Mark Haddon, en su novela de sherlockiano título El curioso incidente del perro a medianoche, dice refiriéndose al problema de Monty Hall: «Demuestra que la intuición puede hacer a veces que nos equivoquemos. Y la intuición es lo que la gente utiliza en la vida para tomar decisiones. Pero la lógica puede ayudarte a deducir la respuesta correcta». La mayoría de las personas concede un gran crédito a su intuición, pero dilemas como el de Monty Hall pueden hacer que empecemos a cuestionar muchas aparentes certezas intuitivas.

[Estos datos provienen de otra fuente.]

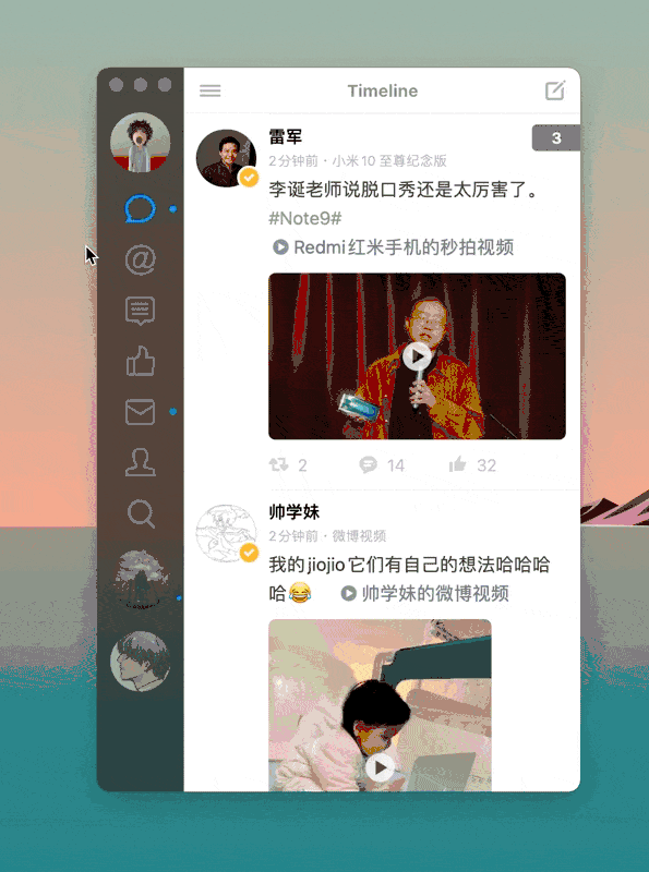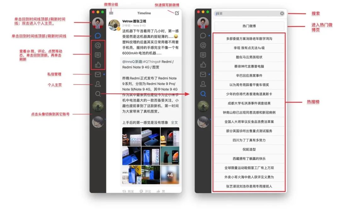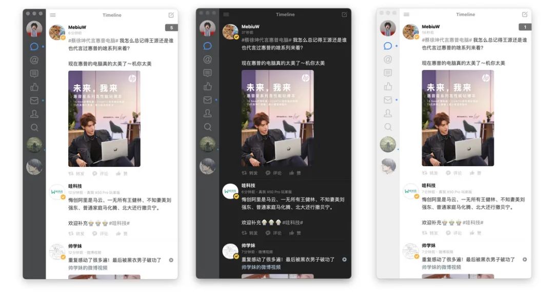 已登录的所有微博账号都会同时出现在侧边栏,直接点击头像就可以切换浏览。对于同时需要管理多个微博账号的用户非常友好。
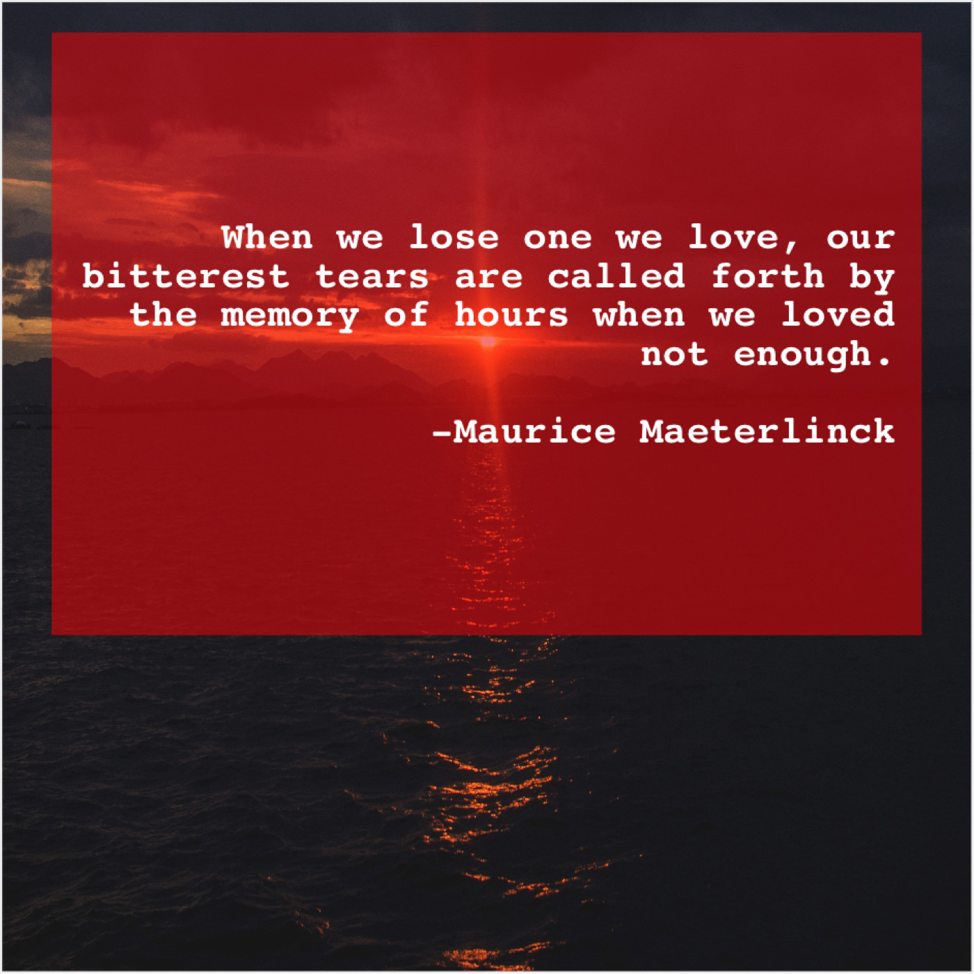 Maurice Maeterlinck Maurice Maeterlinck – When we lose one we… June 18, 2019 admin “When we lose one we love, our bitterest tears are called forth by the memory of hours when we loved not enough.”-Maurice Maeterlinck

Es cierto que la intuición es capaz de establecer rápidas relaciones de causa-efecto, pero también coincide casi siempre con lo que decía Einstein del sentido común: es el depósito de prejuicios adquiridos antes de los dieciocho años; a menudo es «poco más que un atajo cognitivo que nos depara una ilusión de percepción, cuando en realidad nos deja en la inopia respecto al mundo que nos rodea[227]». Si nos dejamos llevar por la intuición, por el pensamiento Watson, por nuestro deseo de encontrar rápidamente causas y explicaciones, es seguro que lo lograremos, pero los resultados serán casi siempre erróneos cuando la situación a la que nos enfrentemos se salga de lo trivial o lo convencional, y ya sabemos que los casos que estudia Holmes nunca son convencionales. Los guionistas experimentados también saben que cuando escriben llevados por una inspiración súbita a menudo lo que hacen es repetir algo que vieron la semana pasada en otra serie o película. El productor ejecutivo de la serie Luz de luna (Moonlighting) contaba que cuando un nuevo guionista escribía un capítulo de prueba para la serie, era frecuente que incluyera una escena en la que los dos protagonistas estaban atados uno al otro, lo que daba pie a una situación de alta tensión sexual; aunque esos guionistas calificaban su escena como «originalísima», la realidad es que en el primer capítulo de la serie se había incluido precisamente una escena idéntica. Es obvio que Holmes también es asaltado por pensamientos e hipótesis puramente intuitivas (aunque ya sabemos que su intuición está muy bien educada y es altamente especializada) y que tiene emociones, pero también sabe que no debe dejarse llevar por ellas, sino ponerlas a su servicio. Invertir, en definitiva, la célebre sentencia: «Nuestras razones son las esclavas de nuestras pasiones», al menos en el curso de una investigación. Otro asunto es que el deseo de comprenderlo todo, como le sucede a Holmes, sea en sí mismo una pasión, y que esa obsesión y deseo sea lo que le lleva a dedicar horas y horas a aprender más y más cosas, a mejorar su capacidad de observación y reflexión, a buscar respuestas inesperadas y a formular preguntas insólitas. Sherlock Holmes siempre pone a prueba sus hipótesis porque sabe que es necesario distinguir las opiniones apresuradas de los hechos contrastados para no ser víctima de la intuición, siguiendo en gran parte las etapas del método científico propuesto por Francis Bacon.